*** DATA EXCERPTS ***

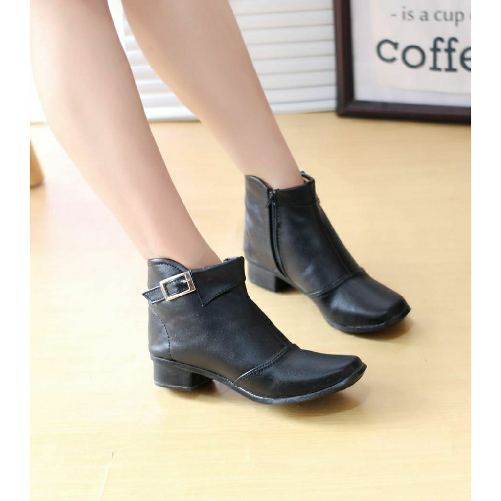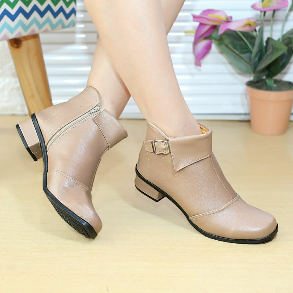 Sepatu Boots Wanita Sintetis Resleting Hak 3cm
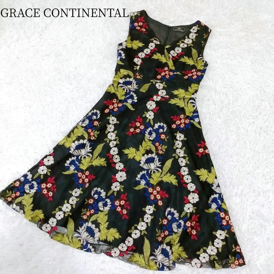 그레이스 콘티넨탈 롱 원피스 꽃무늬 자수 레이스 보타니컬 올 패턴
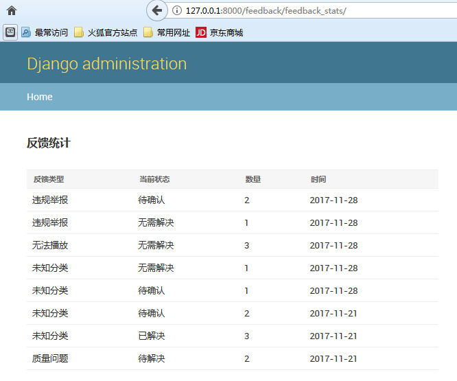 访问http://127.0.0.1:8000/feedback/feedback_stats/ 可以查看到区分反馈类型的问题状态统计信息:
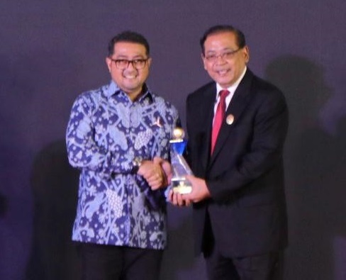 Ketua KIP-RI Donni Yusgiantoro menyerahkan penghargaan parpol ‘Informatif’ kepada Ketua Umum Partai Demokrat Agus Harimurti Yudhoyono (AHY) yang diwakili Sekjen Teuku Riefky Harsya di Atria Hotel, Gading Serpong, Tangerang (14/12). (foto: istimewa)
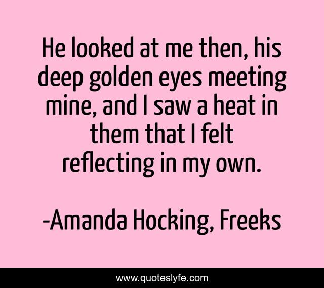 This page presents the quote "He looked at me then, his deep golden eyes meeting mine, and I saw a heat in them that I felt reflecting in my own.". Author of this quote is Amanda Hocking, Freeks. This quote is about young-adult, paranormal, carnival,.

*** End of DATA EXCERPTS ***

YOUR ASSIGNMENT: Your answer must be an exact copy of the records, free of images.

TASK RESPONSE:
 Sepatu Boots Wanita Sintetis Resleting Hak 3cm
 그레이스 콘티넨탈 롱 원피스 꽃무늬 자수 레이스 보타니컬 올 패턴
 访问http://127.0.0.1:8000/feedback/feedback_stats/ 可以查看到区分反馈类型的问题状态统计信息:
 Ketua KIP-RI Donni Yusgiantoro menyerahkan penghargaan parpol ‘Informatif’ kepada Ketua Umum Partai Demokrat Agus Harimurti Yudhoyono (AHY) yang diwakili Sekjen Teuku Riefky Harsya di Atria Hotel, Gading Serpong, Tangerang (14/12). (foto: istimewa)
 This page presents the quote "He looked at me then, his deep golden eyes meeting mine, and I saw a heat in them that I felt reflecting in my own.". Author of this quote is Amanda Hocking, Freeks. This quote is about young-adult, paranormal, carnival,.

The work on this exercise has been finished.